• ACTION ITEM
Below are the records. Retype, exactly, the lines from the first through the line with "キューブは個性的なデザインや", and leave out the pictures.

· · ·

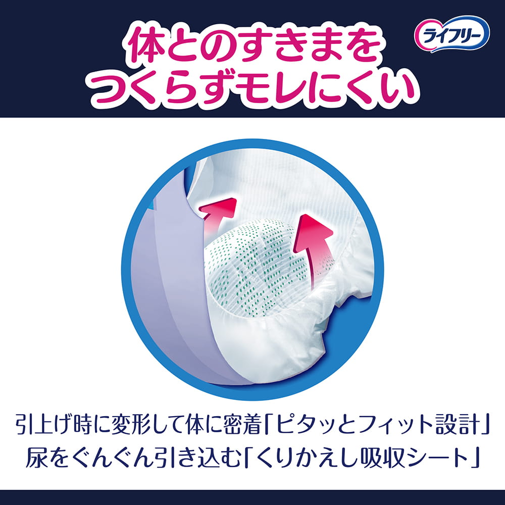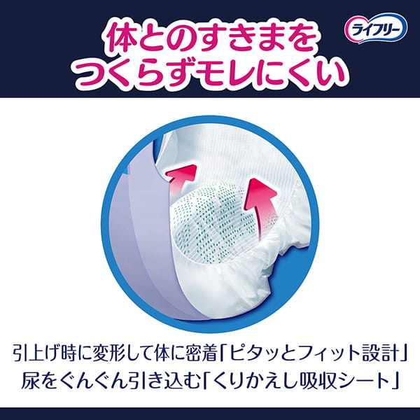 パンツの中でピタッとくっつく紙をはがす手間のない何度でもつけはずし出来るズレ止めテープ | 体とのすきまをつくらずモレにくい引き上げ時に変形して体に密着「ピタッとフィット設計」 | パンツの中でパッと広がる広げる手間がかからない二つ折り形状 長さ57cm「超ロング形状」 |
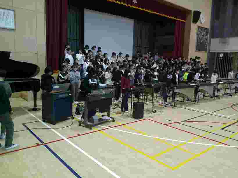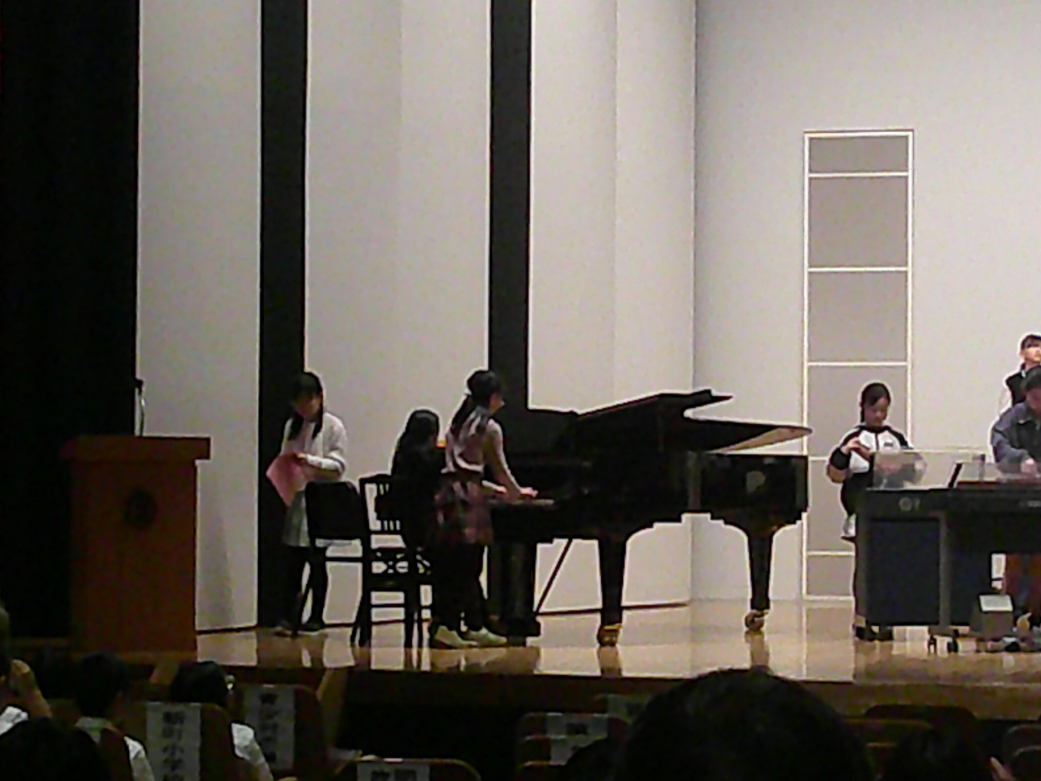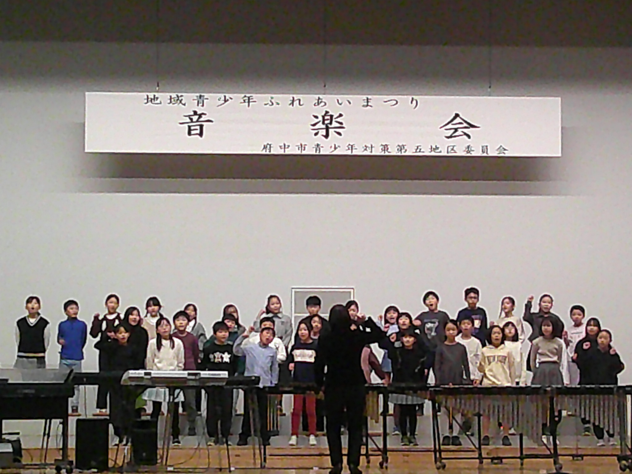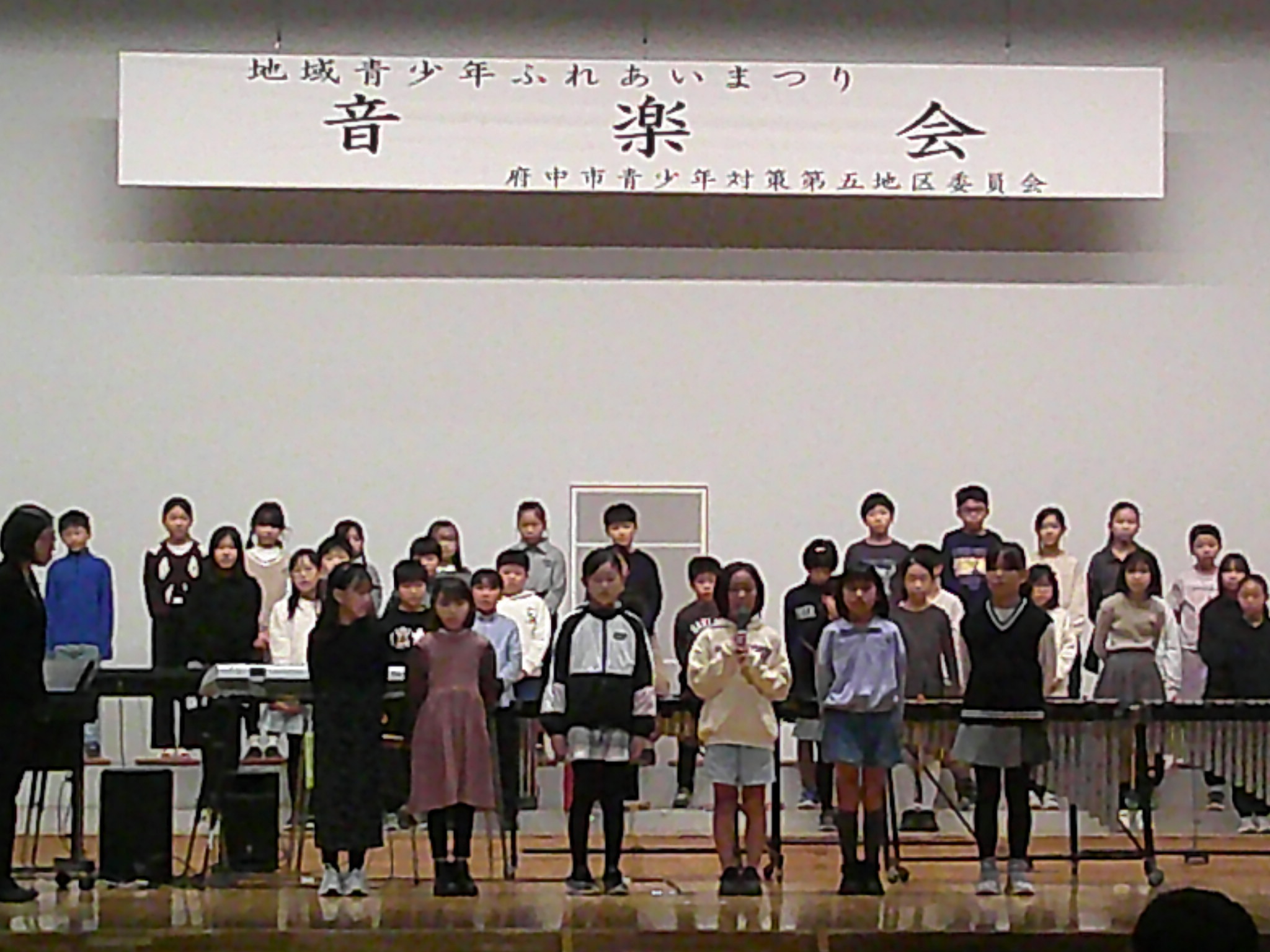 今日は明星学苑児玉九十記念講堂で、「第37回地域青少年ふれあいまつり音楽祭」(府中市青少年対策第五地区委員会主催の府中市青少年対策第五地区委員会主催)がありました。六小からは4年生の代表児童が参加し、スーパーカリフラジリスティックエクスピアリドーシャス」の合奏と合唱の発表をしました。
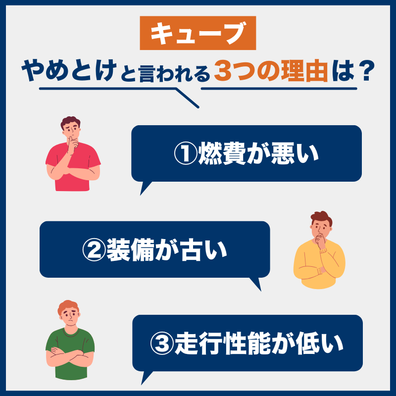 キューブは個性的なデザインや室内の広さを重視する人には魅力的ですが、燃費や装備の古さが気になる人には不向きです。
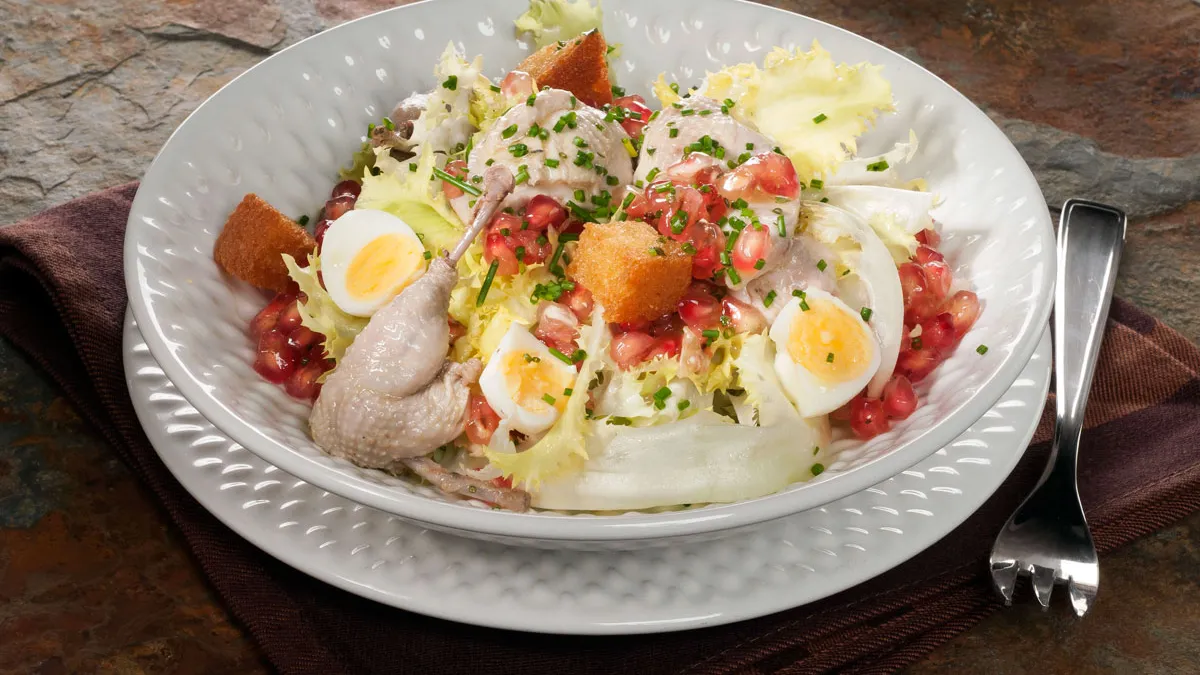 Receta de Bruno Oteiza de ensalada de codorniz escabechada, escarola, granada, costrones de pan frito y vinagreta casera, un plato muy completo y nutritivo.
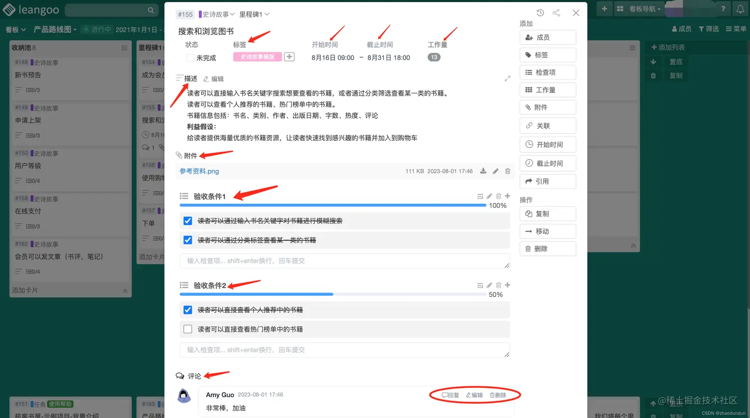 4、看板上的每一张卡片都可以打开,打开后可以填写更多信息,如:评论,检查项,附件,任务开始截止时间等...
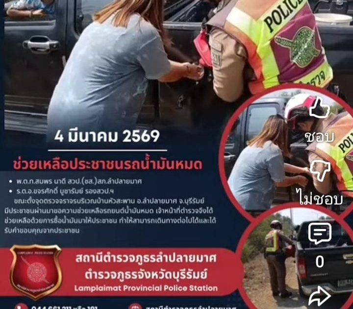 น้ำมันหมด จดเบอร์โรงพักลำปลายมาศไว้ 5 มีนาคม 2569 โดย admin / O06-การประชาสัมพันธ์ข้อมูลข่าวสาร,O6งานจราจร FacebookFacebookXXLINELine
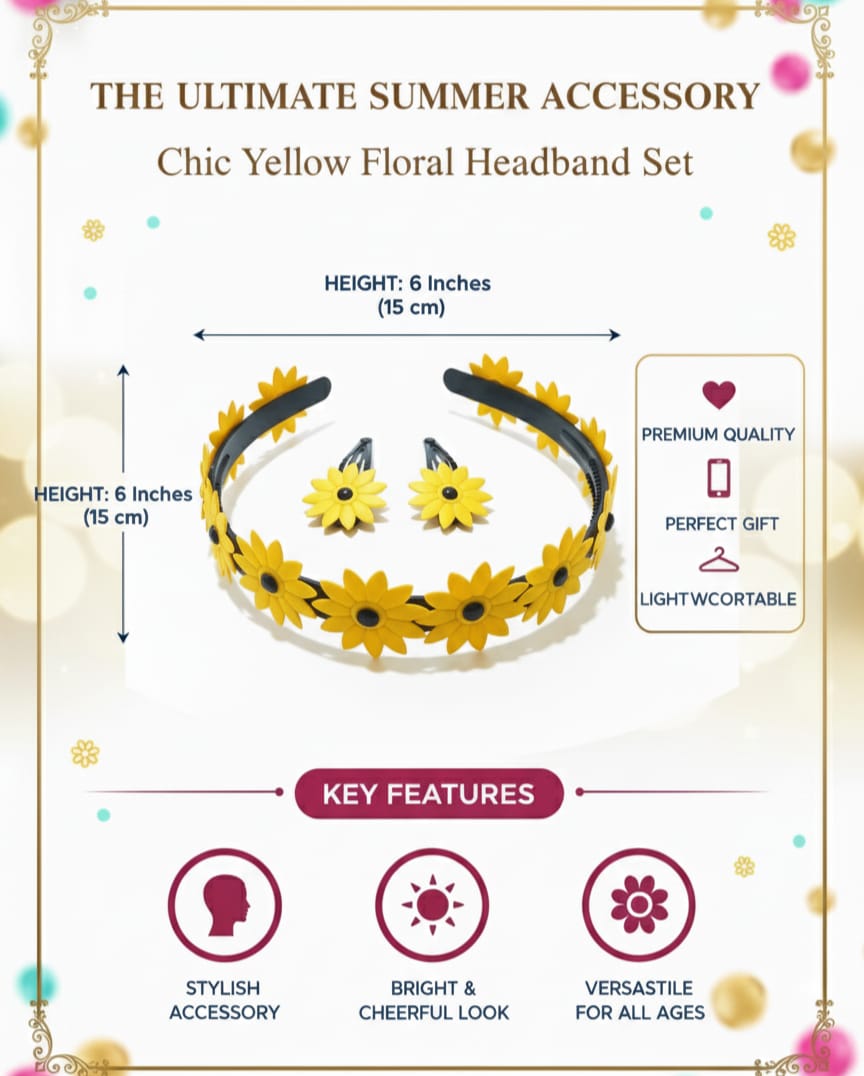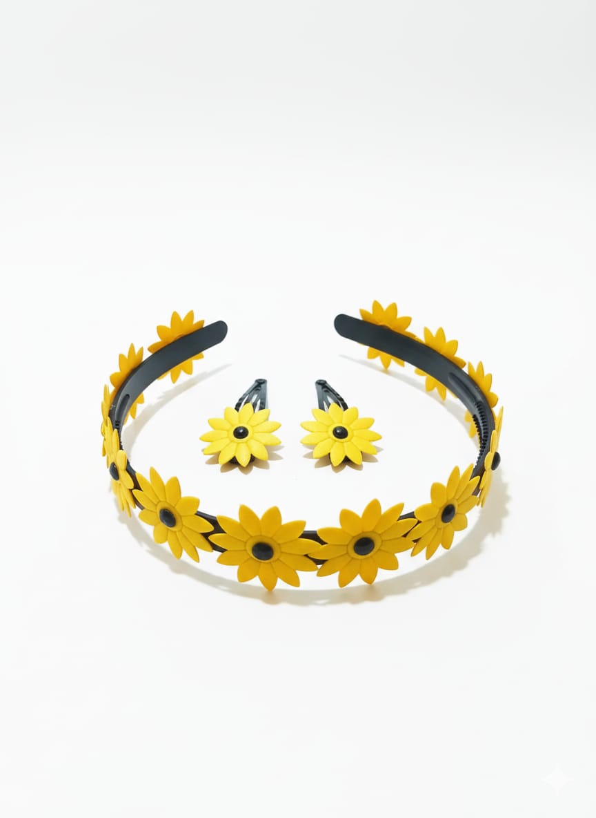 Elevate your everyday hairstyle with this vibrant sunflower-themed accessory set. Designed to bring a playful yet polished flair to your ensemble, this set includes one floral headband and two matching hair clips.
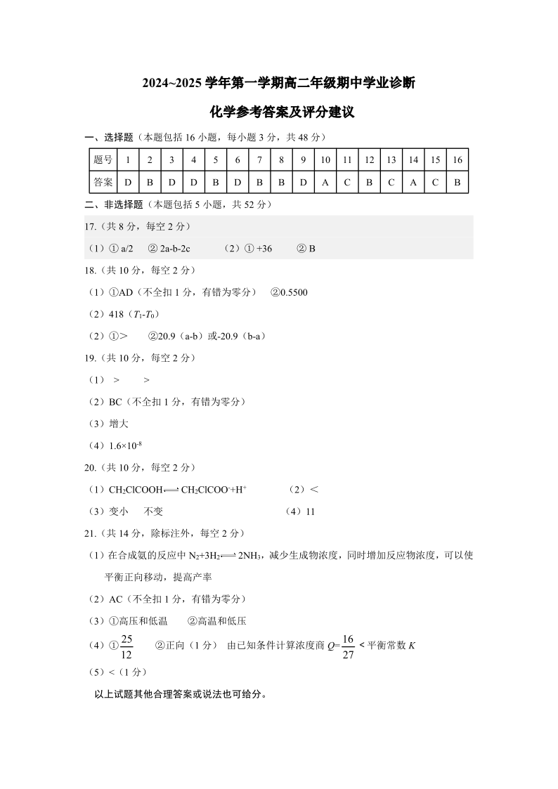 山西省太原市2024-2025学年高二上学期11月期中考试 化学答案
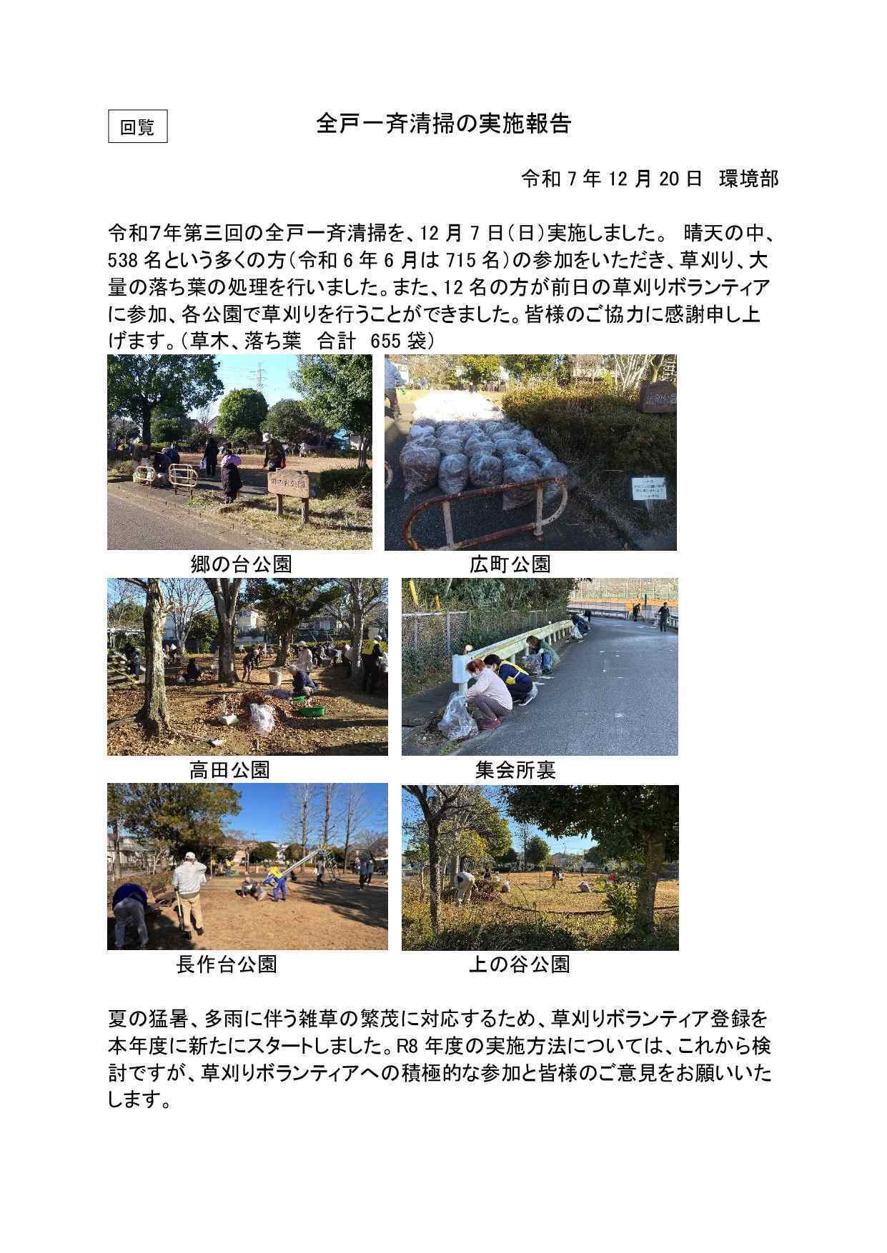 12/7 全戸一斉清掃 実施報告 環境部より
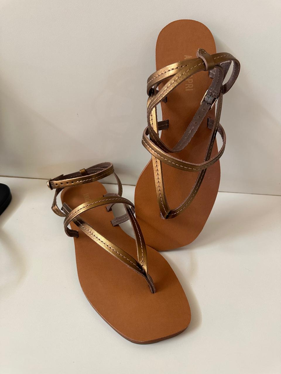 Rasteira multitiras em couro, com tiras em detalhe de pespontos, na cor marrom. O modelo possui solado rasteiro emborrachado com leve saltinho e biqueira e biqueira quadrada.Traz cabedal com tira central que passa entre os dedos e segue pelas laterais e outra tirinha sobre o peito de pé. Detalhe para costura pespontada e delicada no contorno das tiras. A rasteira traz tiras laterais traseiras que contornam o calcanhar e se conectam à tira no tornozelo, com fechamento superior em fivela lateral. Com palmilha comfy marrom e assinatura Anacapri
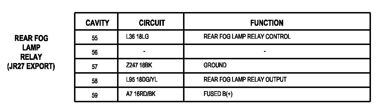 Rear Fog Lamp Relay (JR27 Export):
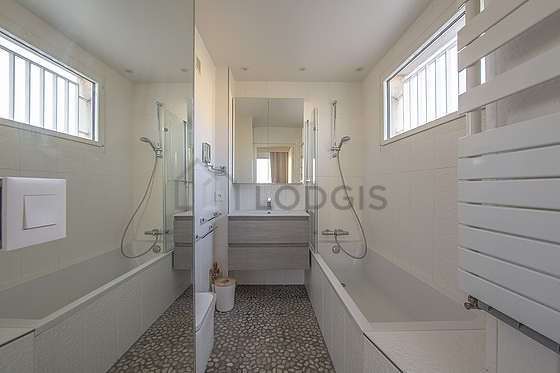 Este apartamento tiene una sala de baño. Este baño tiene todo lo necesario para su bienestar diario : ducha, sink, radiador seca-toallas. El WC está separado de la sala del baño y ubicado en un espacio independiente.
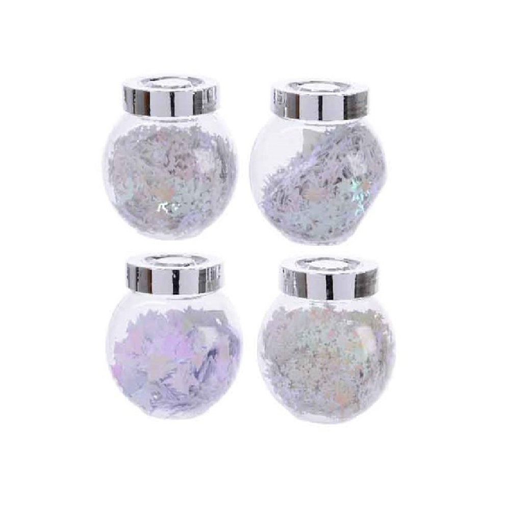 упаковка - баночка 30гр, содержимое баночки пластиковые фигурки белоснежные цвета, фигурки в ассортименте: ангел, дерево, снежинка, звезда, размер баночки 5.5x7.5x8см

· · ·

• WRITTEN SOLUTION
 パンツの中でピタッとくっつく紙をはがす手間のない何度でもつけはずし出来るズレ止めテープ | 体とのすきまをつくらずモレにくい引き上げ時に変形して体に密着「ピタッとフィット設計」 | パンツの中でパッと広がる広げる手間がかからない二つ折り形状 長さ57cm「超ロング形状」 |
 今日は明星学苑児玉九十記念講堂で、「第37回地域青少年ふれあいまつり音楽祭」(府中市青少年対策第五地区委員会主催の府中市青少年対策第五地区委員会主催)がありました。六小からは4年生の代表児童が参加し、スーパーカリフラジリスティックエクスピアリドーシャス」の合奏と合唱の発表をしました。
 キューブは個性的なデザインや室内の広さを重視する人には魅力的ですが、燃費や装備の古さが気になる人には不向きです。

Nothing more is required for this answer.